Лара не знала, что ответить. Она уехала так недавно, но уже ничего не понимала про ту жизнь. Письма Левы, вещицы Жоры, борьба неведомых Фонякова и Синякова. Время в России набирало немыслимую скорость, и она ничего не могла разглядеть в мелькании гигантского колеса — только в глазах рябило да долетали изредка хлопья грязи, вроде этих курильниц, шкур, колец... А ее время застыло на мертвой точке: уроки в ульпане, уборка, вечерами телевизор и сочинение бодрых писем родне. Лева совсем замолчал.

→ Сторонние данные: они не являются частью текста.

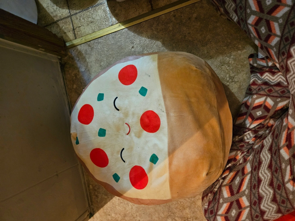 Selling a cute Squishmallows plush! It's shaped like a pizza slice. It's in great condition and super soft, perfect for cuddling

Однако Лара выяснила его обстоятельства аналитически. У Левы была примечательная особенность — он был человеком с групповой фотографии. На снимках, где он был один, он мало походил на себя. И поэтому над кроватью у Ларусика была прикноплена фотография "Ударники труда отопительного треста Ленинского района" с Левой — вторым слева в четвертом ряду. Сейчас подруга прислала газетные вырезки, и Ларусик поняла, что он сделал карьеру. Демонстрация: кружком обведено лицо Левы, четко видное в толпе. Митинг: Лева во втором ряду, почти в центре. Делегаты конференции: он в первом ряду, рядом — Синяков (поза волевая, лицо неотчетливо). И, наконец: депутаты городского собрания просматривают утреннюю газету. Газета — в руках у Левы.

— Все ясно. Очень хорошо, — сказала Ларусик.

Но это было совсем нехорошо. Ведь она до сих пор жила ожиданием и надеждой. Был у нее любимый краешек иерусалимского неба, где на закате происходили всяческие чудеса. То вставало облако, немыслимо расцвеченное, то клубились по кромке неба воздушные холмы с огнями и садами. И всегда, когда она возвращалась с уборки, там светилась маленькая звезда. Иерусалим казался накрытым воздушным холмом, с этой звездочкой наверху. А теперь все кончилось, она видела отдельно: улицы, парки, огни — но волшебный ее Иерусалим исчез. И разрушенный мир имел неистребимый запах хлорки — моющего средства "Экономика".

— Ты мне откровенно не нравишься, — сказал Жора, оглядев Ларусика.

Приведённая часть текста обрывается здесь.